Z is so smitten by Bala that the following morning, in order to get another glimpse of her, he persuades Weaver to swap with him and let him take his pal's place in the soldiers' big parade. Thus the marvels of computer animation - the only medium in which Woody Allen can get away with pretending to be Sylvester Stallone, and the then forty-year-old Sharon Stone can get away with being Woody's love interest (in his own films, she'd be playing his girlfriend's grandmother).

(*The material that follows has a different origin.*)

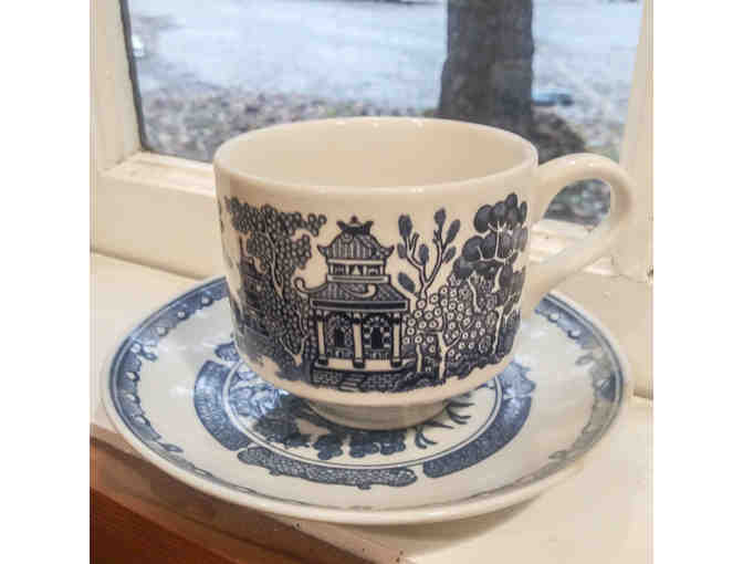 Chinese design, under the cup is imprinted "Churchill England" and under the saucer "made in China"

Eric Darnell and Tim Johnson direct with immense panache and Todd Alcott's script is drolly Woodyesque (Z on why he doesn't go for female worker ants: "They're career girls. They're obsessed with digging"). General Mandible mimics the heroic stance of General Patton; the disgruntled workers sing modified John Lennon: "All we are saying is/Give Z a chance." Only when it comes to the deeper implications of the picture's quaint idealism do the film-makers falter. Z finds himself accidentally conscripted into a war with the termites and afterwards, on a battlefield piled high with corpses, his dying friend Barbados tells him, "Don't make my mistake, kid. Don't follow orders your whole life. Think for yourself."

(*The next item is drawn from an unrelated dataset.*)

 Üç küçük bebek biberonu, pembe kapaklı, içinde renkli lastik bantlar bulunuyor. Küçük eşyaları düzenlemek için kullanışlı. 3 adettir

So Z determines to "get in touch with my inner maggot", sets out in search of the above-ground Insectopia, and, in so doing, precipitates a revolution among General Mandible's soldiers and workers — a very literal military-industrial complex. No longer are the ants prepared to accept their colonial classifications.
Even twenty years ago it wasn't quite as simple as that: The left hailed community and berated Mrs Thatcher for sneering that there's no such thing as society and President Reagan for unleashing a selfish world of self-interested individuals. A leftist parable about the dangers of collectivism was a bit unlikely even in 1997 when the left was already insisting on the classification of individual citizens as members of societal sub-groups — gay, black, female, differently abled. Two decades later, in a world organized by the algorithms of Google and Facebook, our colonies are as stratified as the ants' - transgender, Muslim, non-binary - with which designation come a supposedly rigid set of attitudes and behaviors.
Ah, well: Antz is only a cartoon. And, intentionally or not, it makes some good points, including a rather profound one: When Z and Princess Bala eventually reach their socialist utopia, it turns out to be a giant garbage dump.